From the Providence Journal |
The Fourth Estate is in a bad estate in Rhode Island.
Just look at the above picture. The copy could not identify the base location for the report without making a mistake. The newspaper industry is already hitting harder times, with online media eating up the market share, but editing is next to godliness, and for the front page column to present mistakes like the above, no one should be surprised to see the ProJo turning into the NoGo.
Don't get me wrong. Things are not looking too good for the press in California, either, as the left-leaning Los Angeles Times just bought up the more conservative San Diego Union-Tribune. One conglomerate will control the reporting in major newspapers throughout Southern California.

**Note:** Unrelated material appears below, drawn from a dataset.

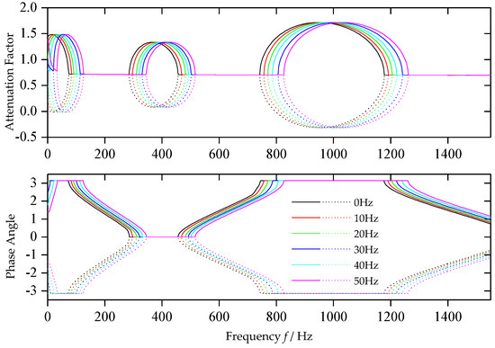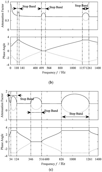 where, T is the transfer matrix. Suppose the i-th eigenvalues of the matrix T to be , and the eigenvalue is usually a complex number and can be expressed as , where is known as the propagation constants, , is known as the attenuation factor, indicating the attenuation of the amplitude of the elastic waves varying with the frequency of the wave component, is the phase angle indicating the phase difference of the wave components during the propagation. When the phase angle equals 0 or , it means that the transmitted waves encounter the reflected ones cancelling out each other and the waves with corresponding frequencies could not pass through the shaft [17].

That in itself will not bode well for eager readers looking for the full story.
The Los Angeles Times has routinely, and in petty fashion, attacked Texas, even though the Lone Star state continues poaching businesses, residents, and thus creators, makers, and taxpayers from welfare-ridden, subsidized California. The paper published an empty attack against a US Senate candidate in Missouri because of a few comments about rape (in tabloid fashion), and even dedicated its front page to another, Democratic, US Senate candidate running for reelection in Alaska (Mark Begich, who lost by four points last year).
The Los Angeles Times was in such disarray, that now-retired Congressman Henry Waxman wanted to probe the financing and restructuring of the paper last year, too. Perhaps Congressmen James Langevin or "Grand Theft Auto" David Cicilline should consider donating their considerable campaign cash to salvage their state's liberal mouthpieces, too.
The same failures, from biased liberal propaganda to falling subscriptions, apply to Rhode Island – and one of the reasons? The failure of the media to hold the powers that be accountable.
From WPRI to the Providence Journal, it appears that the newspaper industry is all about carrying water for the big (Democratic) lobbies and interest groups. Now they cannot bother to edit and rewrite their copy. Despite recent efforts for greater transparency from state leaders, the statewide media do nothing more than report on the decline, and without doing anything to get people angry enough to do something about it.
In 2014, the ProJo demanded a change in leadership and representation, then went ahead and endorsed all the Democratic candidates for statewide and federal office. Even The Los Angeles Times endorsed outsider Democrats and Republicans for statewide office, even though the California Democracy swept the top offices.
Let's face it: from the poor editing, to the non-investigative journalism, to the increasing number of softball questions from statewide reporters, the RI media is just not "Providen" enough.